The highly versatile TransforMax™ EC100™ E. coli competent cells are ideal for most cloning applications. The cells provide very high transformation efficiency when tested against a wide range of supercoiled DNAs as well as DNA directly from a ligation reaction (Table 1).

Benefits

• High transformation efficiency with clones of all sizes, including BAC clones (Table 1).
• lacZΔM15 for blue/white screening of recombinants.
• Restriction minus [mcrA, Δ(mrr-hsdRMS-mcrBC)] enables efficient cloning of methylated DNA.
• Endonuclease minus (endA1) to ensure high yields of DNA.
• Recombination minus (recA1) for greater stability of large cloned inserts.
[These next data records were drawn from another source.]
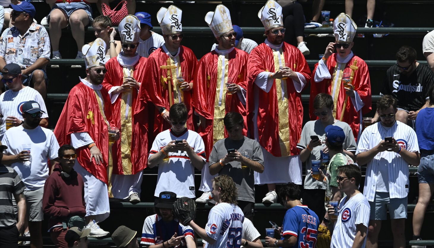 A group of White Sox fans dressed as the pope and watched a 13-3 loss to the crosstown Cubs from the bleachers at Wrigley Field on Friday afternoon.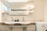 Das Badezimmer ist mit einer Waschmaschine und zwei Waschbecken ausgestattet. Es bietet zusätzlich genügend Ablage und Staufläche für Ihren Aufenthalt. Neben einem Heizungs-Handtuchhalter steht eine Eckdusche zur Verfügung.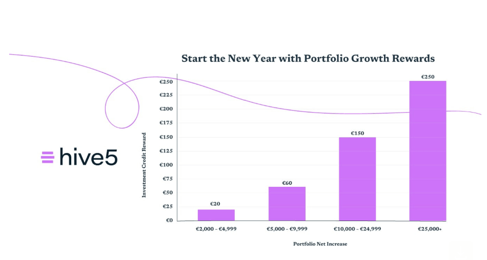 Aumenta tu cartera con Hive5 y desbloquea recompensas adicionales a medida que inviertes más. La Campaña de Recompensas para el Crecimiento de tu Cartera está disponible por tiempo limitado (solo enero y febrero).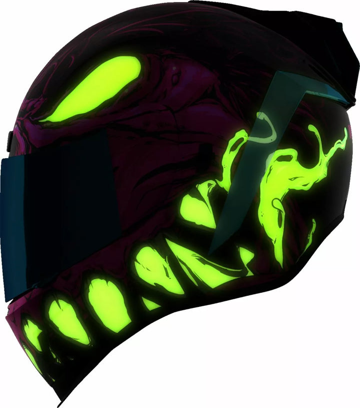 Continuous Venting System, FAG-FREE ICON OPTICS ™ Shield with Rapid-release ™ System, Injection Molded Polycarbonate Shell for Strength, Internal Airflow Geometry, Sculpted NECK Roll, Prolock ™ Switsch, the EXTERIOR WITH LOCKING SHIVING SWEQU Visor must only be used while the main face shield is in the fully closed position, removable Molded Breath Deflector, Removable Hydradry ™ 3-Piece Moisture Wicking Liner, Internal Speaker Pockets Work With Icon's R.A.U. Bluetooth Device, Includes Dark Smoke Dropshield ™ and Rubatone Black Speedfin ™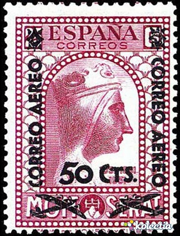 Stamps Spain 1938 Montserrat 50C S 25C Red Edifil 782
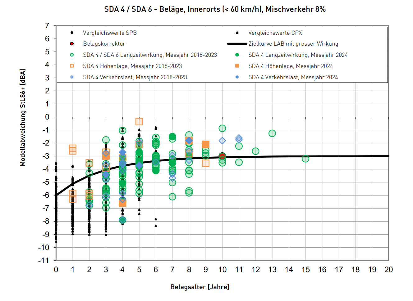 Die akustische Wirkung sowie das akustische Alterungsverhalten von Strassenbelägen ist ausserdem abhängig von vielen weiteren Faktoren wie beispielsweise Mischgutzusammensetzung, Verdichtung und Oberflächentextur.

Table 1. Comparison of the transformation efficiencies of TransforMax™ EC100™ E. coli with a variety of DNAs. Transformations were performed using 50 µl of competent cells and either supercoiled DNAs of the indicated sizes or a 1-µl aliquot from a standard 10-µl ligation reaction. Results shown are in cfu/µg of DNA and are the average transformation efficiencies obtained from several trials.

Genotype

F^- mcrA Δ(mrr-hsdRMS-mcrBC) Φ80dlacZΔM15 ΔlacX74 recA1 endA1 araD139 Δ(ara, leu)7697 galU galK λ^- rpsL (Str^R) nupG

TransforMax EC100 Electrocompetent E. coli

• Transformation efficiency of >1 × 10¹⁰ cfu/µg of pUC19.

TransforMax EC100 Chemically Competent E. coli

• Transformation efficiency of >5 × 10⁸ cfu/µg of pUC19.